We define the SSTDataset class. It is a compact wrapper to :
-  access data for the sentiment analysis dataset more easily
- tokenize into subwords for our languag model


In [None]:
# get the number of sentences
print(val_set.__len__())
# get  tokenized sentence indexed by 1 
val_set.__getitem__(1)

872


(tensor([  101,  4895, 10258,  2378,  8450,  2135, 21657,  1998,  7143,   102,
             0,     0,     0,     0,     0,     0,     0,     0,     0,     0,
             0,     0,     0,     0,     0,     0,     0,     0,     0,     0]),
 tensor([1, 1, 1, 1, 1, 1, 1, 1, 1, 1, 0, 0, 0, 0, 0, 0, 0, 0, 0, 0, 0, 0, 0, 0,
         0, 0, 0, 0, 0, 0]),
 0)

## Define the Sentiment Analysis model using pytorch 

- As we have seen in the last lab session all pytorch model follow the same template 
  - One class withto instansiate the model 
  - forward() method to define the foward pass

- Here, we will use the pretrained Masked Language Model as one module of our sentiment analysis model 

In [None]:
class SentimentClassifier(nn.Module):

    def __init__(self, pretrained_model_name='bert-base-uncased'):
        super(SentimentClassifier, self).__init__()
        
        #Loading Mask Language Model 
        self.encoder = AutoModel.from_pretrained(pretrained_model_name)
        #we append an extra layer for Classification (it will be randomly initialized)
        self.cls_layer = nn.Linear(self.encoder.pooler.dense.out_features, 1)

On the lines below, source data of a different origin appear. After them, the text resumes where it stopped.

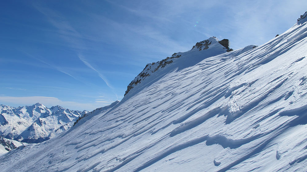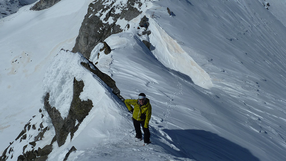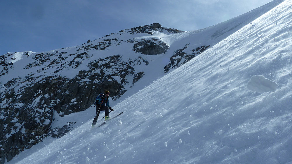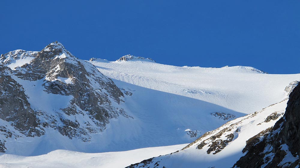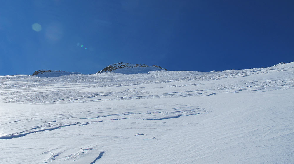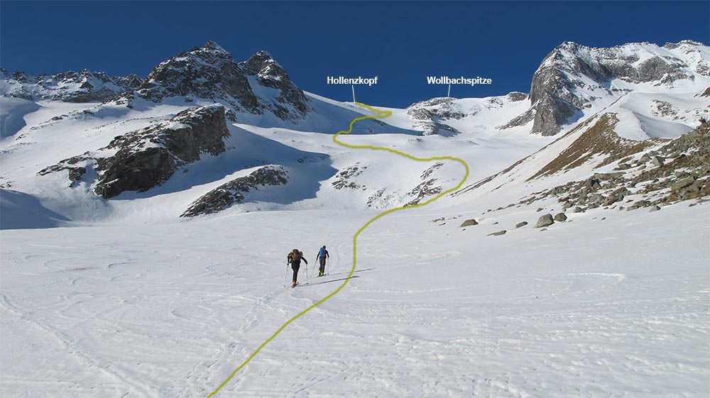 Nach vier, sehr steilen Hängen kommt man auf einen langgezogenen Rücken, bis hier teilen sich Wollbachspitze und Hollenzkopf die Aufstiegsroute. Zum Hollenzkopf steigt man scharf nach links zu einem markanten Schneegipfel.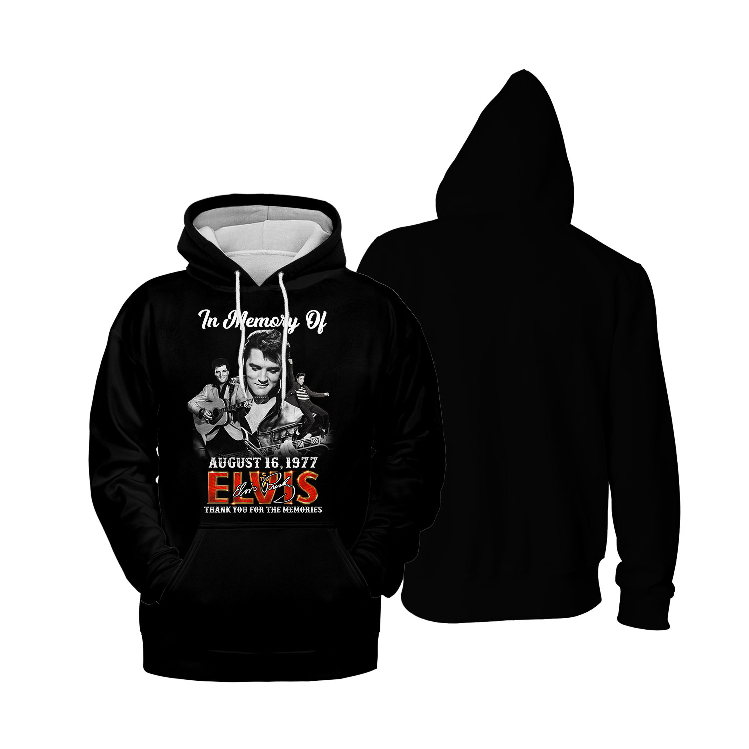 👉 Front: Iconic portraits of Elvis in his prime – guitar in hand, smile that stole the world.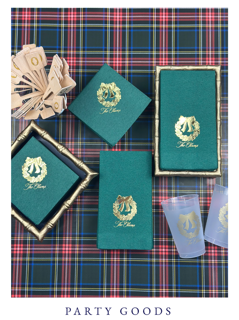 These festive essentials are more than just practical—they set the tone, spark conversation, and show your guests that every detail was thoughtfully planned. Pro tip: plan for about three napkins per guest to keep up with all the toasts, treats, and happy little messes along the way.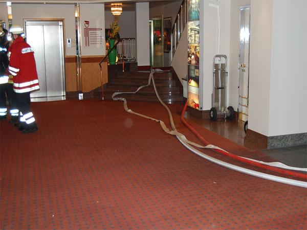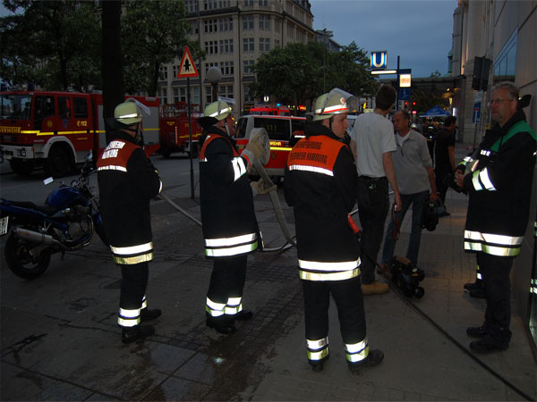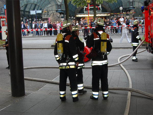 Großeinsatz für die Feuerwehr Hamburg in der Kirchenallee 45, direkt am Hauptbahnhof in einem 4 Sterne Hotel. Die Einsatzkräfte mussten gleichzeitig zwei Feuer in zwei Geschossen bekämpfen, da dort Einrichtungsgegenstände im Bereich des Speiseraums und ein Papiercontainer im anderen Geschoss brannten. Das hat dazu geführt, dass das Gebäude stark verraucht war, worauf die Feuerwehr 38 Personen, teilweise mit Fluchthauben, aus dem Hotel rettete. Der Einsatzleitung waren insgesamt 241 Personen gemeldet, deshalb war das Großaufgebot eine gute einsatztaktische Maßnahme, die für den schnellen und sicheren Abschluss des Einsatzes sorgte.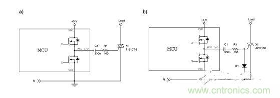 图3b给出了图3a示意图控制ACS器件(如本示例中的ACS108)特殊情况的变型。由于此类器件展示了COM和G端子之间的单独P-N节并能够阻止所有从G流向COM的电流,因此增加D1二极管,用于在微控制器I/O针脚处于高电平时对C1电容器充电。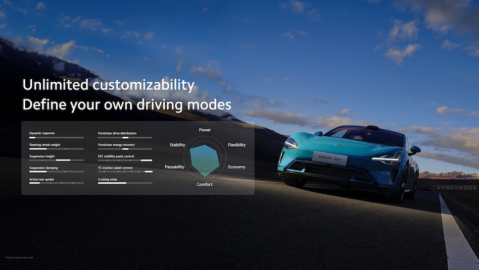 ทั้งนี้ Xiaomi SU7 มีให้เลือก 9 สี ได้แก่ Basalt Gray, Diamond Black, Lava Orange, Meteor Blue, Pearl White, Radiant Purple, Aqua Blue, Mineral Gray และ Verdant Green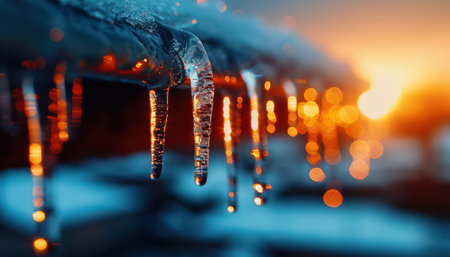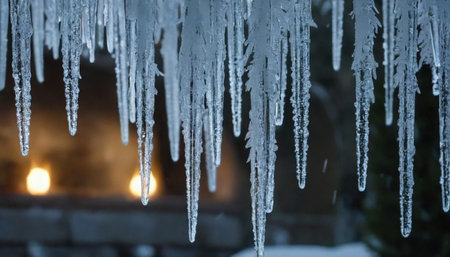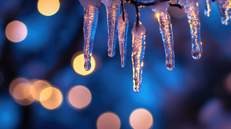 Detailed macro shot of icicles hanging, illuminated by soft bokeh lights in the background, highlighting the cold and crystalline texture.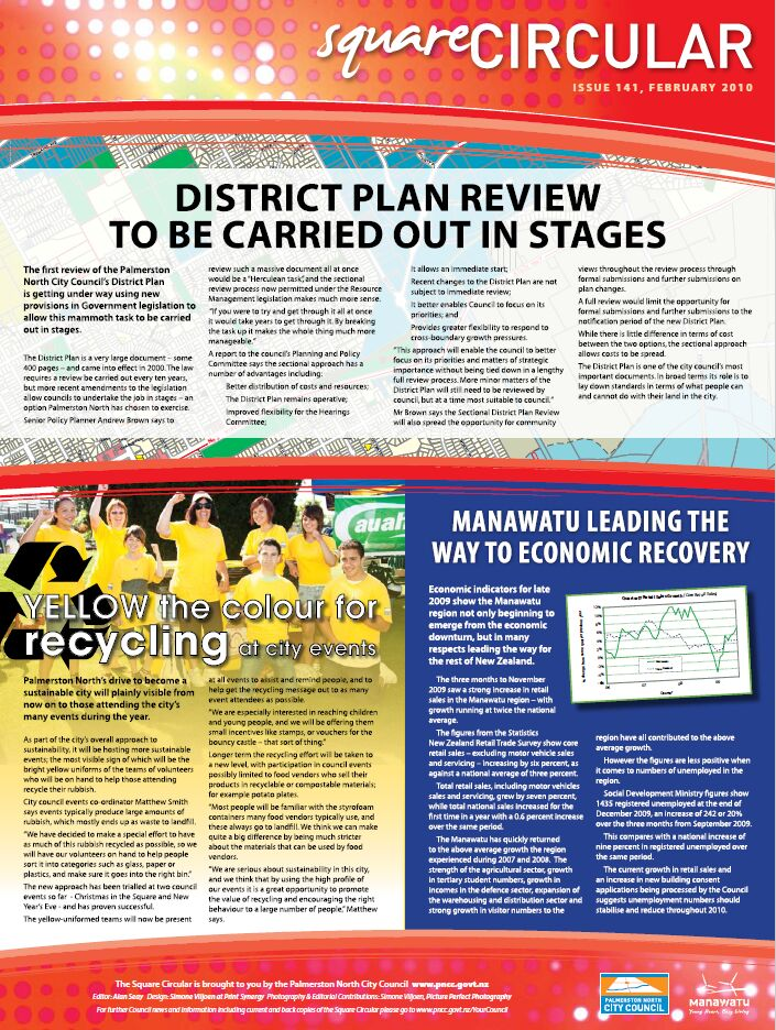The Square Circular was Palmerston North City Council's monthly community publication, informing Palmerstonians of PNCC initiatives, activites, and events. This month's issue includes: District Plan; Recycling; Economic Recovery; K-Loop; Aokautere; defence Hub; Cycling; Events; Children's Day; Festival of Cultures.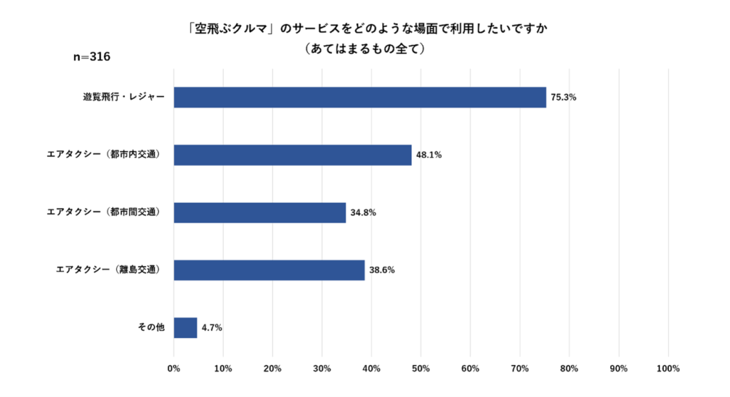 「遊覧飛行・レジャー」が飛びぬけて75.3%と非日常生活への期待が大きかったが、フリーコメントでは「救急医療」「山間部の生活補助」「自家用」「物流」といったコメントも多数あり、日常生活を便利にするモビリティとしてイメージする人もいた。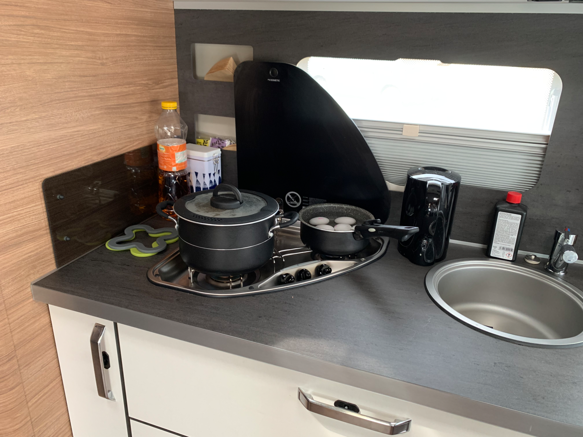 Vi lagade midsommarmaten själva i vagnen. Inget överdådigt, men klassiskt och precis det man vill ha. Kokt potatis, sill, köttbullar, gravad lax, prinskorv – allt det där som hör till.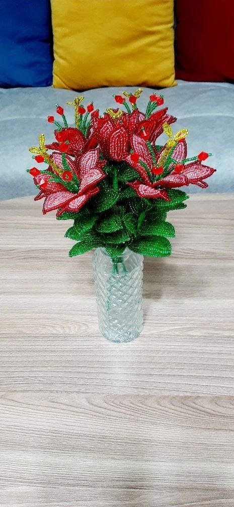 Элегантные лилии в вазе из бисера — стильный аксессуар вашего интерьера! Размер композиции 28 см позволяет гармонично вписать ее даже в небольшое пространство. Декоративное украшение станет прекрасным подарком близким людям, подчеркнёт вашу индивидуальность и создаст атмосферу тепла и уюта без лишних затрат времени и средств. Не требует ухода и сохраняет привлекательность долгие годы.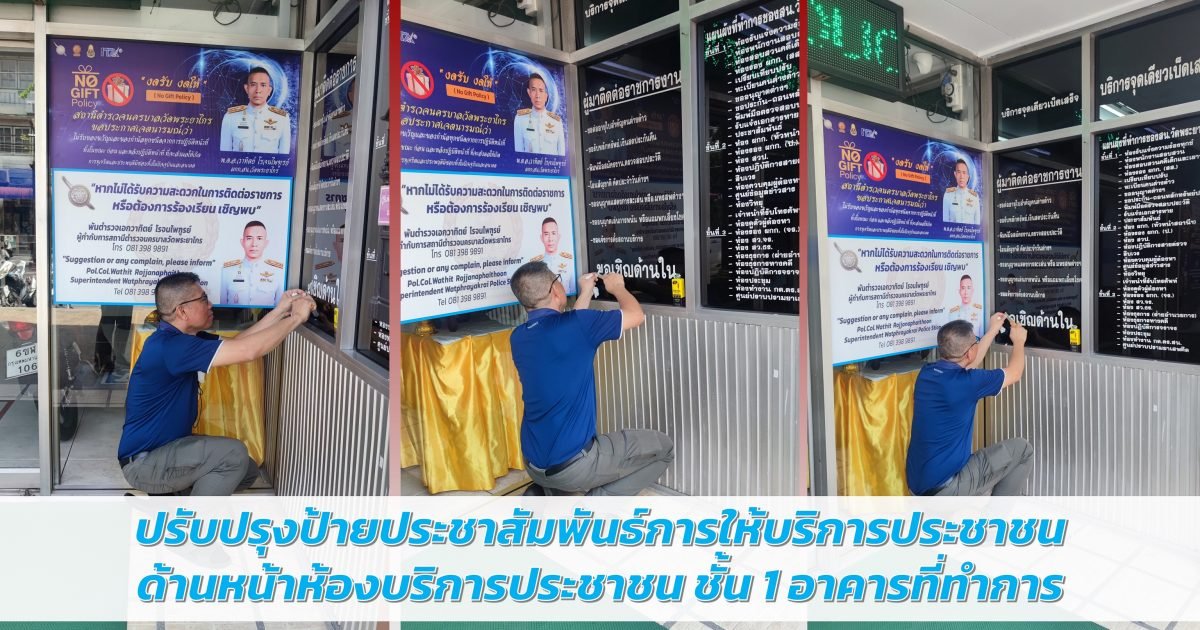 ปรับปรุงป้ายประชาสัมพันธ์การให้บริการประชาชน ด้านหน้าห้องบริการประชาชน ชั้น 1 อาคารที่ทำการ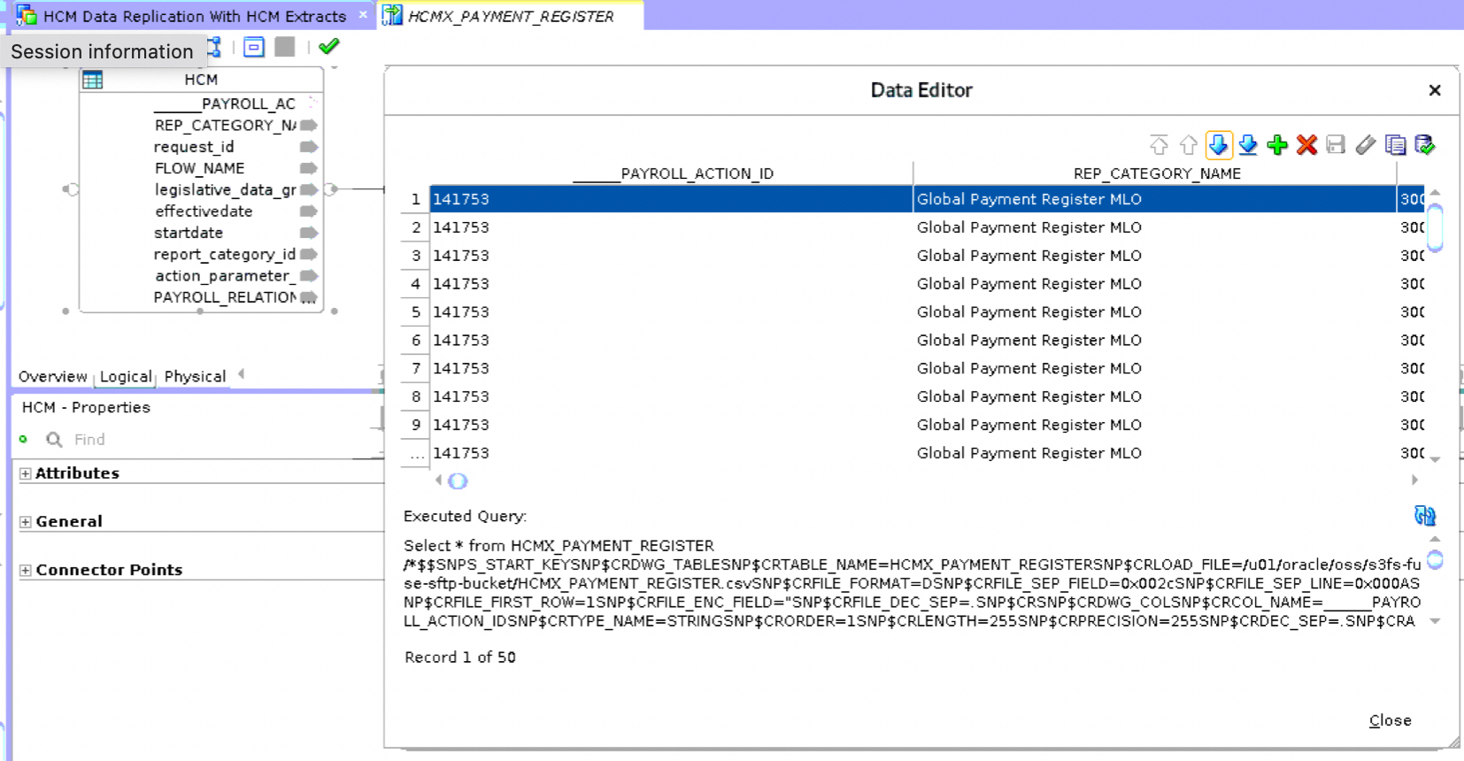 f) Click on Logical and View the data on HCMX_PAYMENT_REGISTER source. Save the mapping.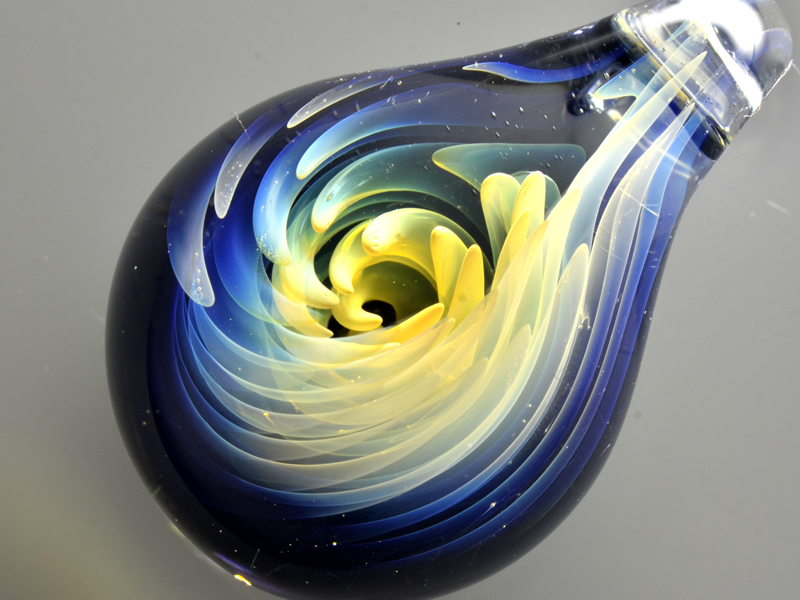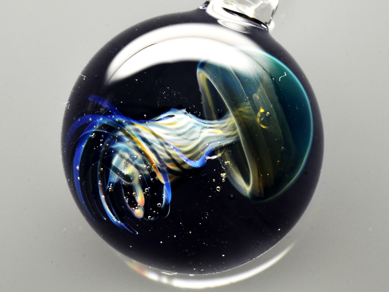 Продумывая окружающее пространство, мастер обращается к таким материалам, как подкрашенное стекло и спирали из него, маленькие кусочки золота (для имитации звезд) или крошечные пузырьки воздуха. Золотая пыль и пузырьки, окружающие планету, отражают свет, который самым неожиданным образом меняет внешний облик произведения. Каждая работа мастера снабжена небольшой стеклянной петелькой, позволяющей носить произведение как подвеску или брелок.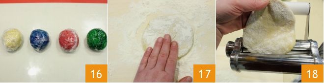 Agora que todas as massas estão prontas 16, deixe-as descansar em um local fresco por pelo menos 30 minutos. Passado o tempo necessário, você pode formar as máscaras: estenda a massa branca com um pouco de farinha 17 e passe-a na máquina de abrir massa 18;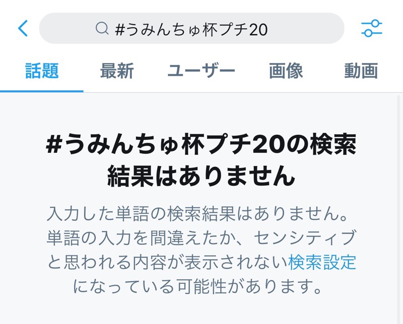 例えば「#うみんちゅ杯プチ20」と検索するとこうなります。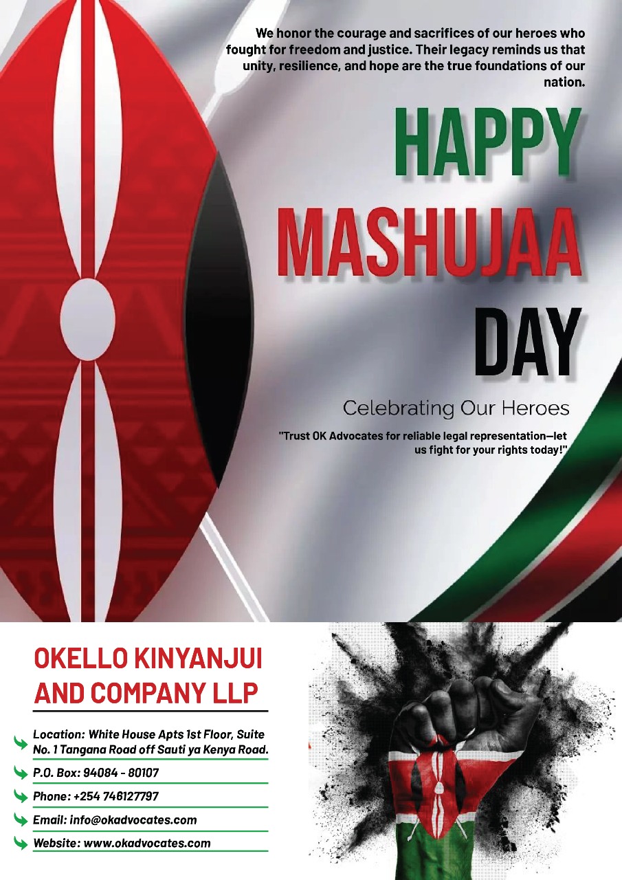 Location: White House Apts 1st Floor, Suite No. 1 Tangana Road off Sauti ya Kenya Road | | P.O. Box: 94084 - 80107 Phone: +254 746127797 | | Email: info@okadvocates.com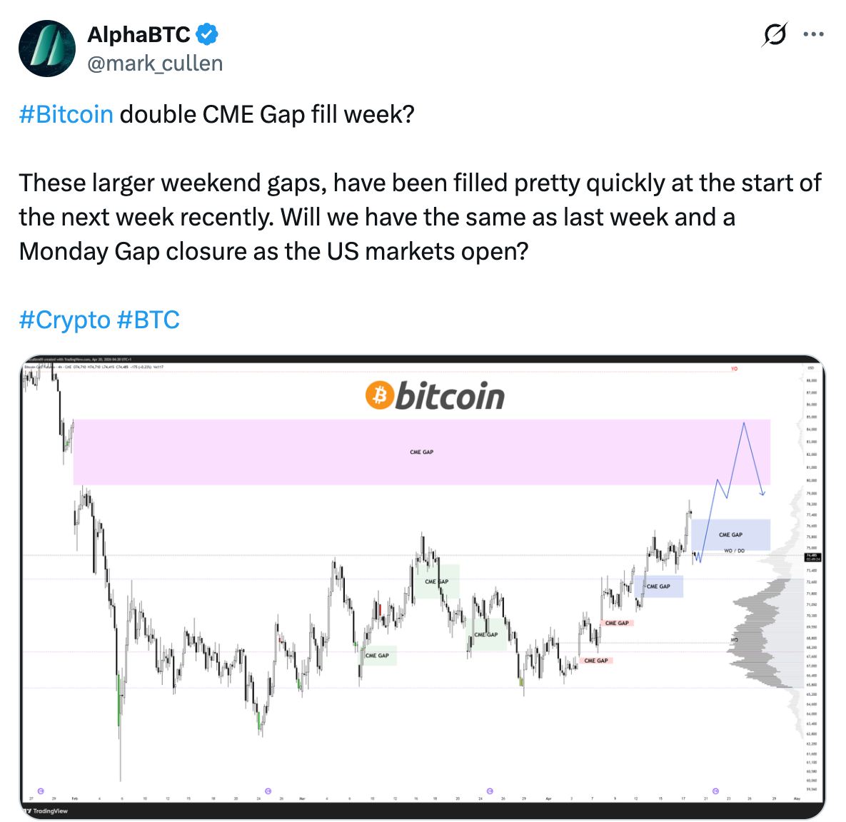 分析师AlphaBTC指出,BTC/USD交易对可能上行填补2月初形成的84,000美元CME期货缺口。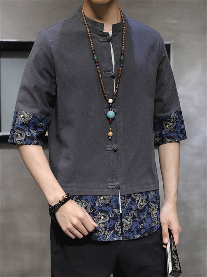 Men's Autumn Vintage Chinese Style Printed Frog Button Tangsuit Shirts

    def forward(self, seq, attn_masks):
        '''
        Inputs:
            -seq : Tensor of shape [B, T] containing token ids of sequences
            -attn_masks : Tensor of shape [B, T] containing attention masks to be used to avoid contibution of PAD tokens
        '''

        #Feeding the input to BERT model to obtain contextualized representations
        # see in the hugging face doc what to input
        #cont_reps = #  self.encoder(..)..

        #Obtaining the representation of [CLS] head
        cls_rep = cont_reps[:, 0]

        #Feeding cls_rep to the classifier layer
        logits = self.cls_layer(cls_rep)

        return logits


In [None]:
# we now instansiate the model 
sentiment_model = SentimentClassifier('bert-base-uncased')
# if gpu mode
sentiment_model = sentiment_model.to("cuda")
# to check if the weights of the model are in gpu : 
# sentiment_model.cls_layer.weight.is_cuda
# can checkout all the layers by running 
#sentiment_model

## Define Training Process

- a loss 

We are doing binary cl

- an optimizer 

Here we will use a variant of the Stochastic Gradient Descent called ADAM (cf. reference at the top) 




In [None]:
import torch.nn as nn
import torch.optim as optim
# define the loss and optimizer 
criterion = nn.BCEWithLogitsLoss()
opti = optim.Adam(sentiment_model.parameters(), lr = 2e-5)

# Training loop



In [None]:
import pdb
def train(model, criterion, opti, train_loader, val_loader, max_eps=1, gpu=False, print_every=1,validate_every=1, break_training_after=None):
    if gpu:
      model = model.to("cuda")
    for ep in range(max_eps):
        
        for it, (seq, attn_masks, labels) in enumerate(train_loader):
            #Clear gradients
            opti.zero_grad()  
            #Converting these to cuda tensors
            if gpu:
              seq, attn_masks, labels = seq.cuda(), attn_masks.cuda(), labels.cuda()
            #Obtaining the logits from the model
            logits = model(seq, attn_masks)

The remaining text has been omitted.